Ok, I “fucked up” by using the term “Fuck-up”. Free spirit, or even Fuck-off might have been better. As I stated earlier, my post wasn’t fully thought out and poorly written.
Lets say I envy all three: fuck-ups, offs and free spirits. The reason I chose the first term was because I’d just finished reading ‘Forced entries’ by Jim Carroll and It got me to thinking about people who lead fucked up lives. Everyone knows at least one person (or is that person) who was like that.
There was this guy on my block when I was growing up, who was a complete drunk who still lived with his parents (he was mid 30s). He was the one guy on the entire block who would sit and talk to the kids, for hours simetimes, and everyones parents let him because he was harmless, just fucked up. He talked to us all as fellow humans instead of kids, which was alien to us. I’m sure his life has turned out horribly in many ways and I’d never want it for myself, but somehow, in the end, these people lead extremely interesting lives and shine a little more than normal people do in a weird way. They also are remembered by and touch more people.
The stuff about changing my life has to do with my present situation. I’ve been out of work on an injury for just over two years. I’m not complaining at all because it could be much worse. It just leaves me barren of any livelihood I could expect to have unless I change my craft. I’ve always worked with my hands.
The stuff tumbling around in my head is the result of having nothing BUT time and the opportunity to choose a new path and start down it. I am still no closer to know what I want to do and i just don’t want to piss this opportunity away. Not everyone gets to be so, let’s call it lucky for optimisms sake.
I don’t really want to change my life drastically now that I think about it but I long for more control of it while my kids are still kids. I just get itchy here in limbo sometimes, but I know nothing lasts forever.
As far as the mortgage goes, I’m holding my own like (hopefully) everyone else is.

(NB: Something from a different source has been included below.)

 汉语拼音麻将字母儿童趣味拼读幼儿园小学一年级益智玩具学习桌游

I am glad I posted though because some of you have really interesting stories and thoughtful responses.
A gigantic fuck-up (and yes, it’s the right term) checking in.
I could write down a list simialr to MrVisible’s of my life’s fuck-ups. Or are they accomplishments? I get so confused. The realization of my sexual nature is different, however. It turns out, after all these years, that I’m unisexual.

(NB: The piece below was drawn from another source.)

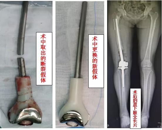 手术中,聂志奎主任团队通过在股骨远端2cm×1cm大小的开窗,巧妙的将断裂的股骨假体取出,并更换了新的肿瘤假体,避免纵劈股骨造成的手术创伤及经济负担,术中无任何血管神经损伤,手术取得圆满成功。术后3天,患者已经能在助行器的帮助下下地行走。

In a more serious vein, say the right pulmonary, I’d look at the choices you’ve made, Rooves, and think, “Man, is that guy’s life fucked up!” I can’t imagine having kids voluntarily: Never have, probably never will. Although there may be some bullets left in the gun, I can only see them being shot against some latex Kevlar. I’ve always made the joke, “Sure, I want kids. Just let me know when they’ve been graduated from college so’s I can talk to them.”
I thought my life was in shambles until I read this thread. I live in my sister’s garage (which I’m remodeling) and only found work a couple of weeks ago after a ten month period of unemployment. My car doesn’t work, is uninsured and unregistered. I have no health insurance, nothing towards my retirement, and can move out of state at the drop of a hat.
Ah. There’s the rub. I remember reading how someone once defined the opposite of freedom to be security. Do you want to own a home and quit paying the landlord’s mortgage? OK. Just don’t lose your job, bubba. You want to have children and experience those particular joys I never will? Good on ya. But there’s no backing out.
I sometimes think I’m a coward for not taking on the responsibilties and duties that my siblings have. Three of them have children and all five of them own homes. They have terrific lives. I love them and they love me. But I can make choices that lead me anywhere I want, whenever I want. And I do. I’ve been having snow dreams lately and am thinking about going skiing. Maybe Colorado. Maybe for four or five years. Yeah. That ought to do it.
I want both and can probably get them (at least the financial security). I am a huge fuck up btw. Id rather not go into detail about what has happened to me though for fear the stigma will work against me when i post on SD but rest assured i have had an interesting and/or very awkward life. Has this put me at an advantage in life i wouldn’t have had had it not been for the fuck up periods? Yes it has, on a variety of levels. However the trauma of certain periods are going to haunt me until i die. Its a mixed blessing, like vomiting when you have food poisoning.
My goal in life is to get a BS in chemistry and, by being as frugal as possible, purchase a 3 unit apartment. after i pay it off early the profits on that should be enough to live on, making me technically ‘set for life’ as long as i live a frugal lifestyle.
so while people my age are fantasizing about Benz’s and strippers im fantasizing about investing enough to make $900/month and never have to work again. The freedom will be wonderful when i get it.
Some of my friends denounce me for not wanting ‘the american dream’. i dont want kids, or a wife, or to make $3k a month and spend $3100 on lexuses & a 5 bedroom house. Being chained to ‘stuff’ and fear of the status quo is a life i would never take.
What happens to us fuck ups after the grow up? I assume they end up like everyone else, just a little more interesting.